The deal will pay Torres $6 million over the three years for a cap hit of $2 million, according to Elliotte Friedman of CBC Sports.
Torres, 31, was acquired by the Sharks at the trade deadline this past season, helping to add a little forward depth and fill that physical edge requirement that many teams have. He played pretty well for the Sharks down the stretch run, picking up six points in 11 games while racking up 38 hits and just four penalty minutes. He seemed to fit in well with San Jose.
"We are very excited to bring Raffi back to the San Jose Sharks," GM Doug Wilson said. "He competes hard in all three zones and brought a lot of ingredients to our lineup last season. We think he is a great fit for our club moving forward."

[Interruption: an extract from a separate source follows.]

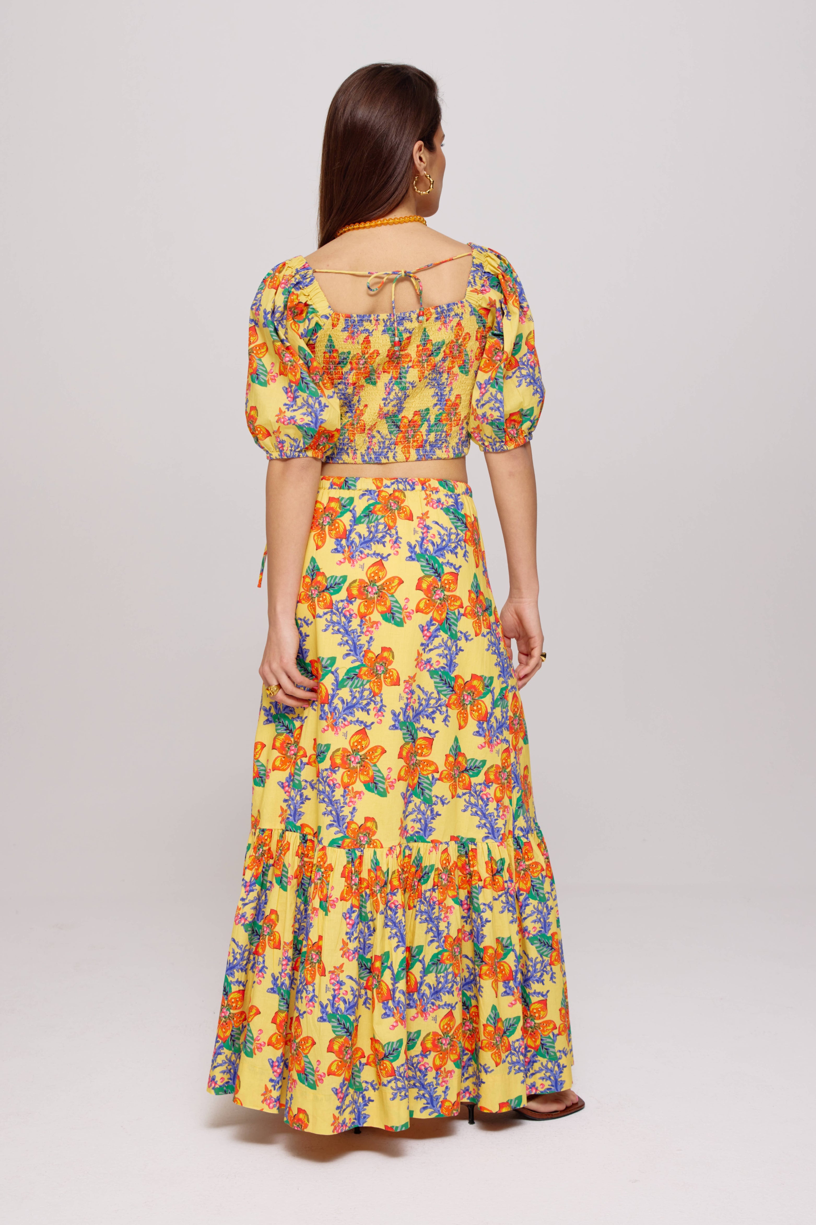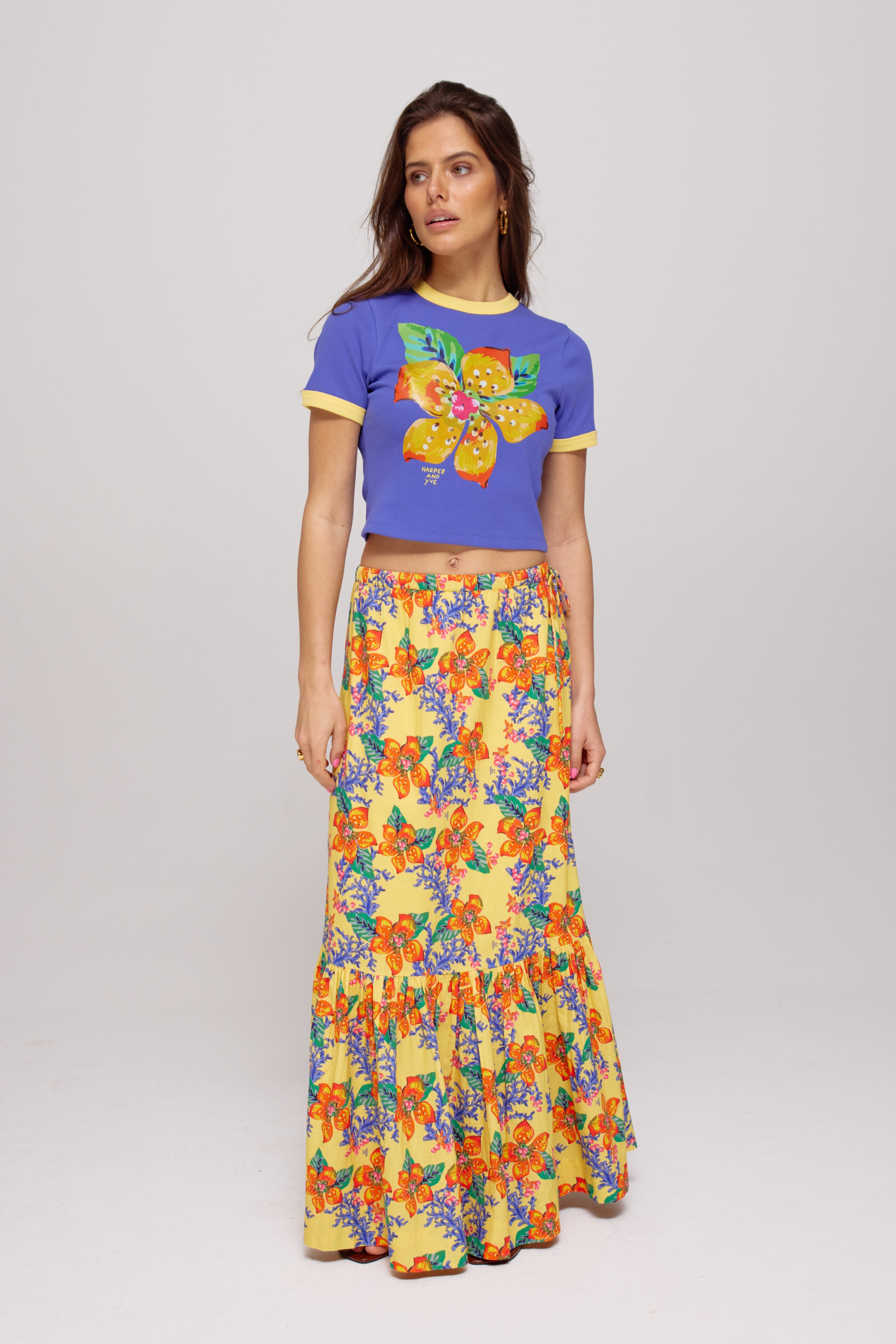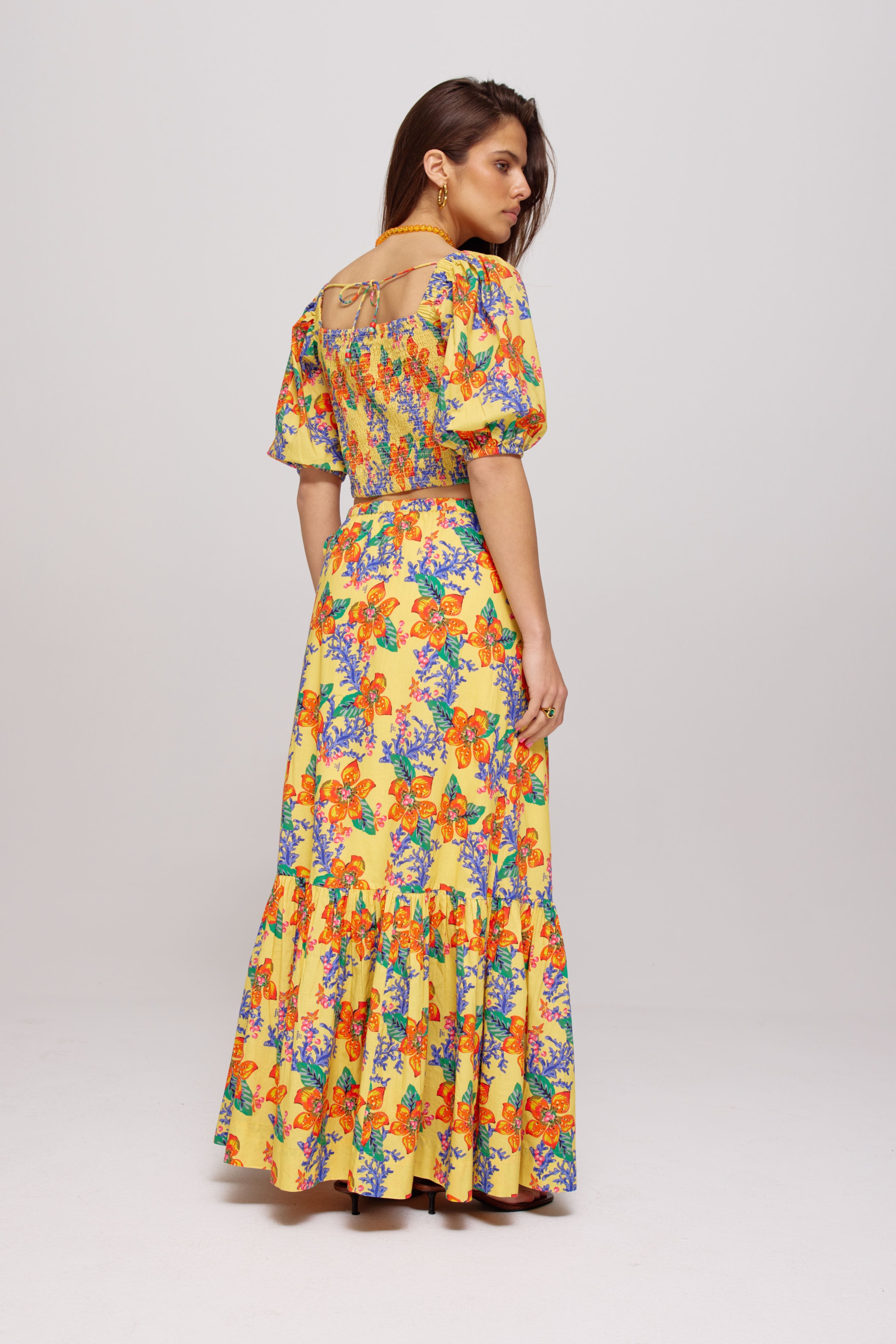 Voeg kleur en vrolijkheid toe aan je garderobe met de Zoey Banana Flower rok van Harper & Yve. Deze lange rok is een echte blikvanger dankzij de levendige bloemenprint in warme oranjetinten en frisse groentinten op een zomers gele ondergrond.

Of course, no mention of Torres would be complete without addressing his "other" antics. He delivered another questionable hit in Game 1 of the Western Conference semifinals against Los Angeles and was suspended for the remainder of the series. So his season ended just as it did the year before -- watching his team be eliminated in the playoffs while he was suspended. Although many would say the hit and punishment was more based on reputation than anything else, that's something you get with Torres -- his reputation.
As much as Torres is a villain on the ice for his hitting, he can be an effective player. Remember, he was taken fifth overall in the 2000 draft and once scored 27 goals in a season for the Oilers. When he's not busy making dangerous hits and being suspended, he is not a useless player by any stretch. The trick for him is trying to stay within the bounds of the game but keeping that physical play.
If he can manage to clean up his game and not make the illegal hits and actually, you know, not get suspended, then that money might be well spent. But that's always the big if with Torres.